A few months later, he embarked on a new trip to little-explored Central Asia. The Russian Geographical Society supported Przhevalsky’s aspiration.
In those years, two empires, the Russian and the British, were fighting for influence in Central Asia. The political confrontation between the two states has been dubbed the "Big Game." Nikolai Przhevalsky became one of its main participants.
Przhevalsky spent about 9 years on business trips, traveled more than 30 thousand kilometers. Having a photographic memory, he made maps and collected information about the Chinese army, the local population and intelligence officers from other countries.
There is a legend that Przhevalsky dreamed of finding Shambhala in Central Asia, a mysterious country mentioned in ancient Tibetan texts as a magical place of power. He studied ancient records, questioned local residents, and came to the conclusion that the gate to Shambhala should probably be located under the waters of Lake Issyk-Kul. Many years after Przewalski’s death, archaeologists actually discovered the ruins of a sunken ancient city at the bottom of the lake.
His dream did not come true: in October 1888, on the way to the Russian-Chinese border, he drank river water, contracted typhoid fever and died. Przhevalsky was buried, as he had bequeathed, on the shore of Lake Issyk-Kul.
Today, a glacier in Altai, a ridge in Kunlun, and many species of plants and animals are named after Nikolai Przhevalsky. In 1891, on the recommendation of the Russian Geographical Society, a special prize named after Nikolai Przhevalsky and a silver medal were established, and in 1946 — a gold one.
A street in our city bears the name of Nikolai Przhevalsky, a famous Asian researcher. The general-traveler himself has never been to Tyumen. However, a curious document related to his name has been preserved in the funds of the State archive of the Tyumen region. In March 1923, L.B. Kamenev ordered the Tyumen Regional Executive Committee to take "all possible part in the preparation of P.K. Kozlov’s scientific expedition to Mongolia and Tibet."
Peter Kozlov is a member of Przhevalsky’s expeditions to Central Asia. In the early 20s, he justified the scientific necessity of an expedition to the Mongolian "dead" city of Khara Khoto and convinced the country’s leadership of this.
In the spring of 1925, Pyotr Kuzmich and a group of employees arrived in Tyumen. Here he met with representatives of the city authorities and discussed the possibility of locating a reserve bank and a backup base for the expedition in the city.
The traveler stayed in our city for about a week. Then Kozlov’s special train of three cars and three platforms went further east. The famous Mongol-Tibetan expedition of the prominent scientist was successfully completed in 1926.
Przhevalsky Street appeared in the village of builders of the Tyumen CHPP. Beyond that, there were wastelands and swampy terrain. In 1959, School No. 7 was built at the end of the street, initially located in a field. Over time, the Cosmos cinema appeared next to the school.
For a long time, they wanted to build cultural facilities on the site of wastelands, and excavation pits were prepared, which were filled with water to the delight of the surrounding children. As time passed, Sberbank bought the place and built its office.

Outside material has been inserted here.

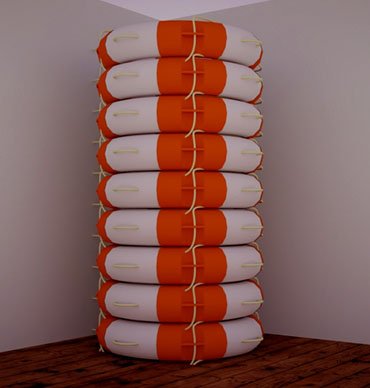 Tek bir can simidini meydana getirecek şekilde uçları birbiri içine girmiş dört ayrı silindirik kauçuk tüpün, bunları tutan dört adet uçları boş ama atıldığı tekneye bağlı hayat ipinin birarada tuttuğu batmaz parçalar ortasına girecek beşinci kişiyi de hayatta tutmayı sağlayacak bir can simidi oluşturur.

The marshes were filled in with sand, building an exhibition hall to exhibit the works of local artists. In front of him, a snowy town with slides and a Christmas tree was built on a vacant lot in winter, and Czechoslovakian Lunapark attractions and mobile zoos operated in summer. By the arrival of the General Secretary of the CPSU Mikhail Gorbachev in 1986, a park was planted on the site of the former swamp. In 2002, the square was named after the Hero of the Soviet Union, an honorary citizen of Tyumen, a participant in the Victory Day Parade on Red Square. Yakov Nikolaevich Neumoev.
Yakov Nikolaevich was born into a peasant family on January 17, 1907 in the village of Troshino, Uvatsky district. He graduated from seven grades of school. After military service in the Red Army in 1929−1931, he became chairman of the Severny collective farm in the Tobolsk region.
Yakov Nikolaevich fought on the Volkhov, Stalingrad and Baltic fronts. He was the commander of the saber squadron of the 28th Guards Cavalry Regiment of the 6th Guards Cavalry Division. During the war, seven horses were killed under him, and he himself received seven wounds and two concussions. He particularly distinguished himself in the battles near Vitebsk.
He was awarded the title of Hero of the Soviet Union. He participated in the meeting of Soviet and American allied forces on the Elbe River in Germany, the Victory Day Parade in 1945 on Red Square, and the reception at the Grand Kremlin Palace in 1945.
In the 1990s, the building of the Institute of Physical Education and Sports of Tyumen University was built on Przhevalsky Street. In 2019, the modern Olympia sports complex appeared, which was built on the site of the former emergency one.